I have used the solution mentioned here to get the top n elements of a Scala Iterable, efficiently.

End example:

```
scala> val li = List (4, 3, 6, 7, 1, 2, 9, 5)
li: List[Int] = List(4, 3, 6, 7, 1, 2, 9, 5)
scala> top (2, li)
res0: List[Int] = List(2, 1)
```

Now, suppose I want to get the top n elements with a *lower* resolution. The range of integers may somehow be divided/binned/grouped to sub-ranges such as modulo 2: {0-1, 2-3, 4-5, ...}, and in each sub-range I do not differentiate between integers, e.g. 0 and 1 are all the same to me. Therefore, the top element in the above example would still be 1, but the next element would either be 2 or 3. More clearly these results are equivalent:

```
scala> top (2, li)
res0: List[Int] = List(2, 1)
scala> top (2, li)
res0: List[Int] = List(3, 1)
```

- How do I change this nice function to fit these needs?
- Is my intuition correct and this sort should be faster? Since the sort is on the bins/groups, then taking all or some of the elements of the bins with no specific order until we get to n elements.

Comments:

- The binning/grouping is something simple and fixed like modulo k, doesn't have to be generic like allowing different lengths of sub-ranges
- Inside each bin, assuming we need only some of the elements, we can just take first elements, or even some random elements, doesn't have to be some specific system.

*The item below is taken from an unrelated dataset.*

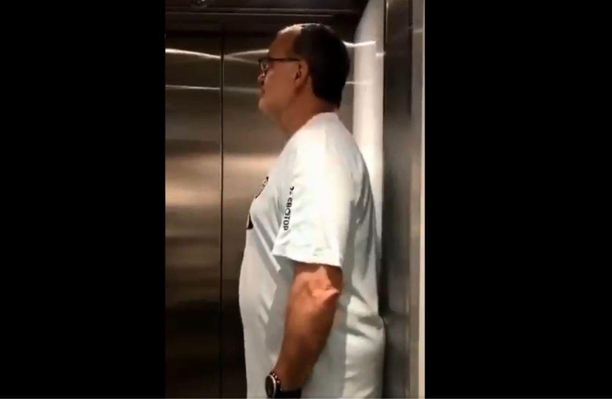 En el registro se puede apreciar a un hincha del Leeds, con la camiseta puesta, en un ascensor con nada más ni nada menos que Marcelo Bielsa en frente.

Per the comment, you're just changing the comparison.

In this version, 4 and 3 compare equal and 4 is taken first.

```
object Firstly extends App {
def firstly(taking: Int, vs: List[Int]) = {
import collection.mutable.{ SortedSet => S }
def bucketed(i: Int) = (i + 1) / 2
vs.foldLeft(S.empty[Int]) { (s, i) =>
if (s.size < taking) s += i
else if (bucketed(i) >= bucketed(s.last)) s
else {
s += i
s -= s.last
}
}
}
assert(firstly(taking = 2, List(4, 6, 7, 1, 9, 3, 5)) == Set(4, 1))
}
```

Edit: example of sorting buckets instead of keeping sorted "top N":

```
scala> List(4, 6, 7, 1, 9, 3, 5).groupBy(bucketed).toList.sortBy {
| case (i, vs) => i }.flatMap {
| case (i, vs) => vs }.take(5)
res10: List[Int] = List(1, 4, 3, 6, 5)
scala> List(4, 6, 7, 1, 9, 3, 5).groupBy(bucketed).toList.sortBy {
| case (i, vs) => i }.map {
| case (i, vs) => vs.head }.take(5)
res11: List[Int] = List(1, 4, 6, 7, 9)
```

Not sure which result you prefer, of the last two.

As to whether sorting buckets is better, it depends how many buckets.